--- Data extracts Enclosed Below ---

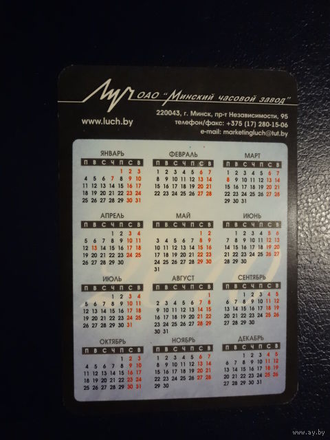 Календарик 2010 г. Луч. ОАО Минский часовой завод.
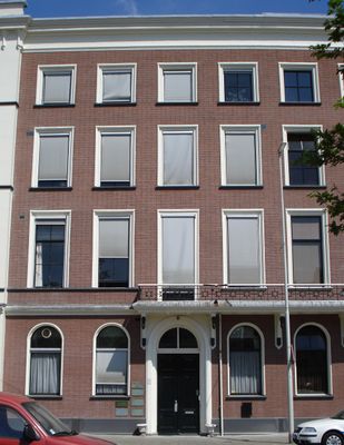 Pand, onderdeel van een reeks herenhuizen gebouwd in een gebogen rooilijn. Bakstenen lijstgevel. Balcon op consoles en met gietijzeren balustrade
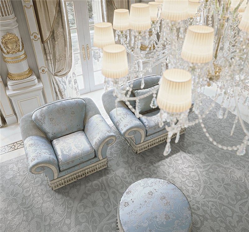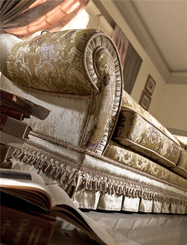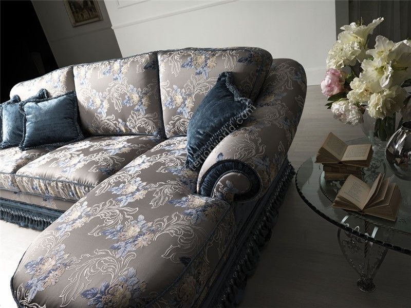 Its harmonious and pure line, free of any extrinsic complexities, where matching, the sinuous spirals and linear shapes are the result of the careful and thorough research that give it a unique and inimitable imprint. The original fabrics and colour matching embellish the Chaise Longue, like an opera where lyrics and melody are harmoniously mingled with counterpoints and effects.
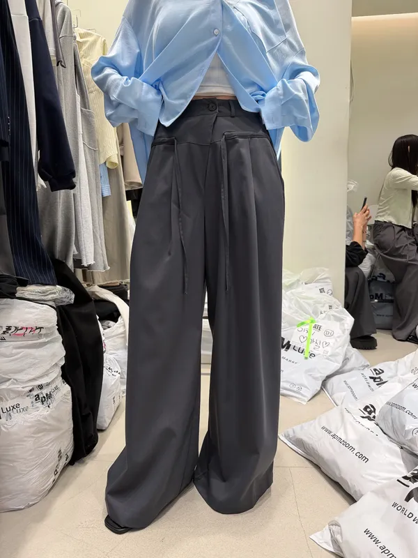 26DD23 寬鬆腰繩雪紡寬管西褲 4色
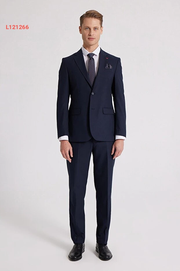 بدلة رسمية slim fit زرقاء داكنة من D'S Damat بليسيه مزدوج ومرونة عالية
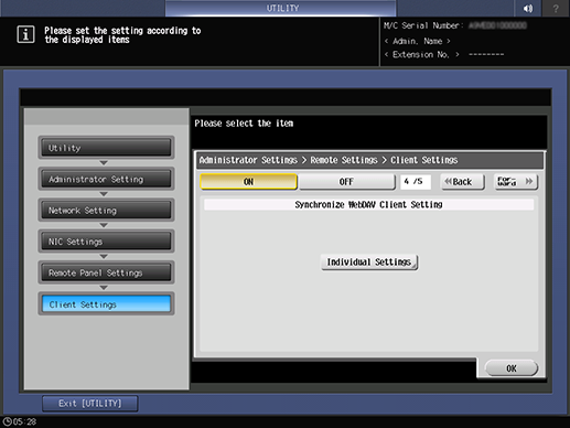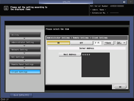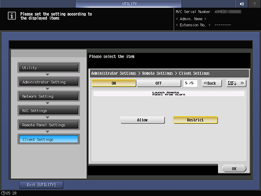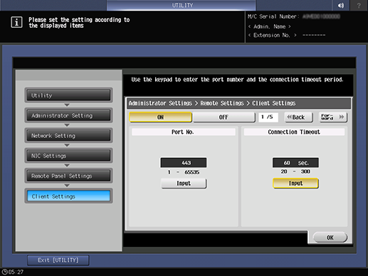 [Tiempo espera para conexión] | Si transcurre el periodo de tiempo especificado sin que se realice ninguna operación durante la conexión con el sistema cuando se utiliza el panel remoto, la conexión se interrumpe. Pulse [Introducir] e introdúzcalo con el Teclado del Panel de control. Rango: 20 a 300 seg. | |
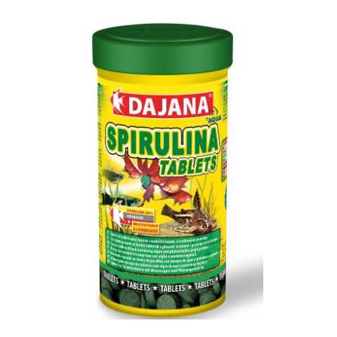 A DAJANA-SPIRULINA TABLETS süllyedő és üvegfalra tapasztható tablettás haleledel, magas spirulinatartalommal. Támogatja az algázó és növényevő halak emésztését, immunrendszerét és élénk színezetét. Lassú oldódásának köszönhetően nem szennyezi a vizet.
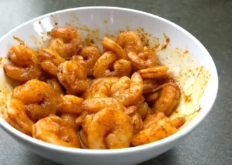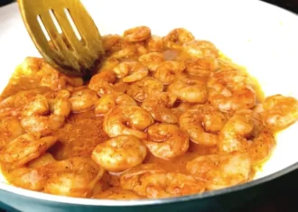 Ретельно змішуємо всі інгредієнти: креветки стануть красивого золотистого кольору.
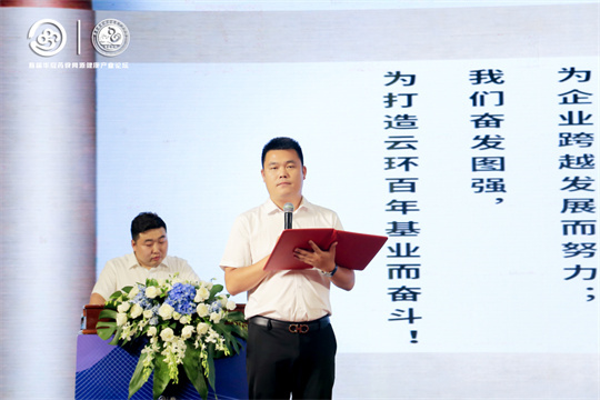 江蘇分公司總裁習陽(yáng)引領(lǐng)宣讀企業(yè)誓詞后,河南云環(huán)藥食同源科技研究院院長(cháng)葛婷向與會(huì )人員介紹了公司發(fā)展的新方向、新布局和新建設概況,表示云環(huán)集團將以質(zhì)量求生存、以信譽(yù)求發(fā)展,與大家攜手并進(jìn)共創(chuàng )公司美好未來(lái)。

--- End of Enclosed Data extracts ---

● **Task statement**
Leaving out every picture, transcribe exactly the lines from the line that contains "Ретельно змішуємо всі" through the final line of the entries above.

● **Answer for the task**
 Ретельно змішуємо всі інгредієнти: креветки стануть красивого золотистого кольору.
 江蘇分公司總裁習陽(yáng)引領(lǐng)宣讀企業(yè)誓詞后,河南云環(huán)藥食同源科技研究院院長(cháng)葛婷向與會(huì )人員介紹了公司發(fā)展的新方向、新布局和新建設概況,表示云環(huán)集團將以質(zhì)量求生存、以信譽(yù)求發(fā)展,與大家攜手并進(jìn)共創(chuàng )公司美好未來(lái)。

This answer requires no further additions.